On the Task Force, named as Sexual and Gender Identity Disorders Chair, we find Dr. Kenneth Zucker, from Toronto’s infamous Centre for Addictions and Mental Health (CAMH, formerly the Clarke Institute). Dr. Zucker is infamous for utilizing reparative (i.e. “ex-gay”) therapy to “cure” gender-variant children. Named to his work group, we find Zucker’s mentor, Dr. Ray Blanchard, Head of Clinical Sexology Services at CAMH and creator of the theory of autogynephilia, categorized as a paraphilia and defined as “a man’s paraphilic tendency to be sexually aroused by the thought or image of himself as a woman.”
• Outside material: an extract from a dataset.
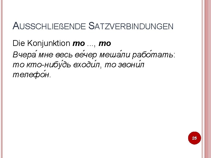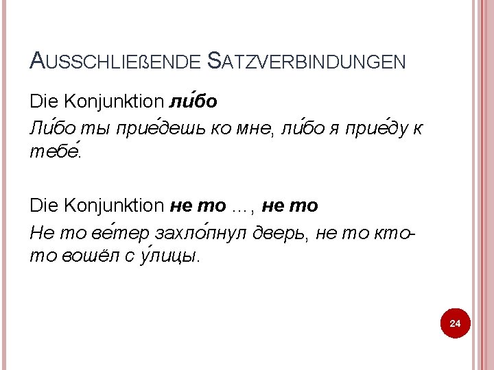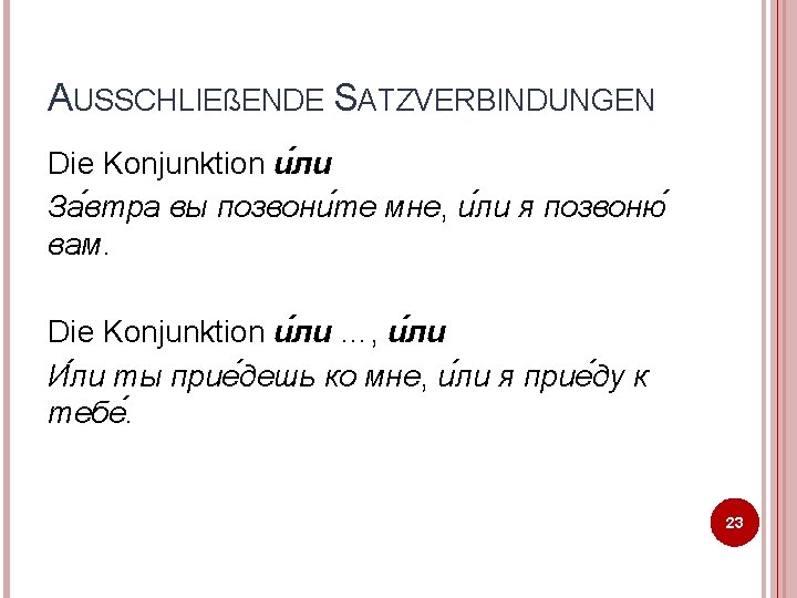 AUSSCHLIEßENDE SATZVERBINDUNGEN Konjunktionen и ли (oder) и ли …, и ли (entweder … oder) ли бо (entweder … oder) не то …, не то (vielleicht …, oder) то …, то (bald … bald) 22
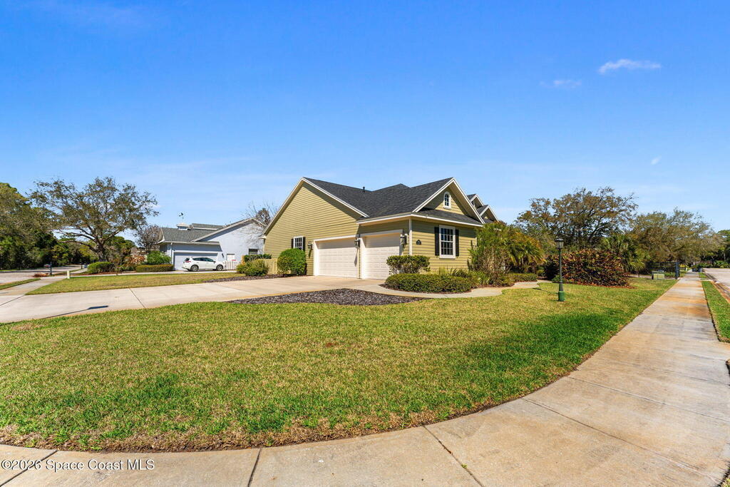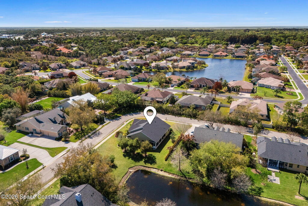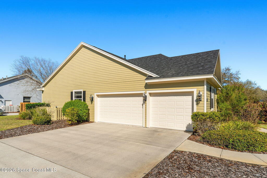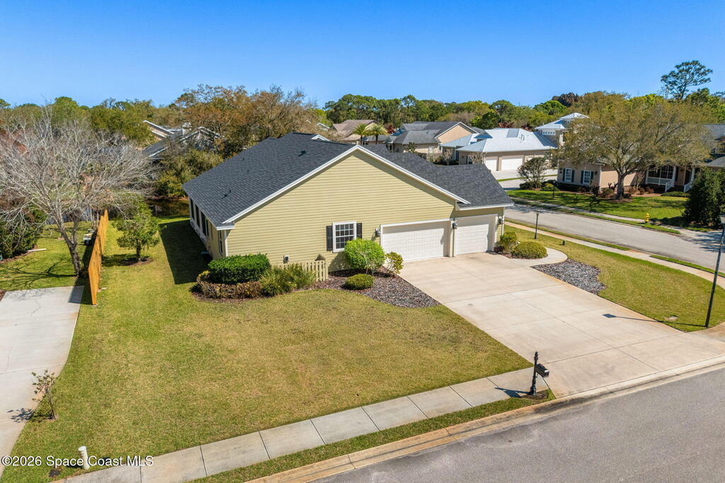 Discover a stunning tropical oasis nestled in a serene gated community, complete with a sparkling lake and majestic mature trees. This enchanting neighborhood features just 30 homes, all crafted by one of Brevard's top builders, ensuring a peaceful and inviting atmosphere. Hardie siding adds charm and durability to this .5 acre corner lot, and welcomes you with a thoughtfully designed split floor plan offering 3 cozy bedrooms and 2 bathrooms, plus a convenient separate laundry room and a spacious 3-car garage. With a newer roof (December 2024), fresh paint (2025), and brand new carpeting, this home shines with warmth. The generously sized kitchen is perfect for both relaxing dinners and entertaining friends, making this residence a true haven for joyful living.

Drs. Blanchard, Zucker, J. Michael Bailey (whose work has even gone so far as to touch on eugenics) and a small cadre of others are proponents of dividing the transsexual population by sexual orientation (”homosexual transsexuals” vs. “autogynephilic”) and have repeatedly run afoul of the World Professional Association for Transgender Health (WPATH, formerly HBIGDA), and openly defied the Standards of Care that WPATH maintains (modeled after the original SoC developed by Dr. Harry Benjamin) in favor of conversion techniques. Blanchard and Bailey supporters also include Dr. Alice Dreger, who re-stigmatized treatment of intersex, controversial sexologist Dr. Anne Lawrence, and Dr. Paul McHugh, who had set out in the begining of his career to close the Gender Clinic at Johns Hopkins University and has been one of our most vocal detractors.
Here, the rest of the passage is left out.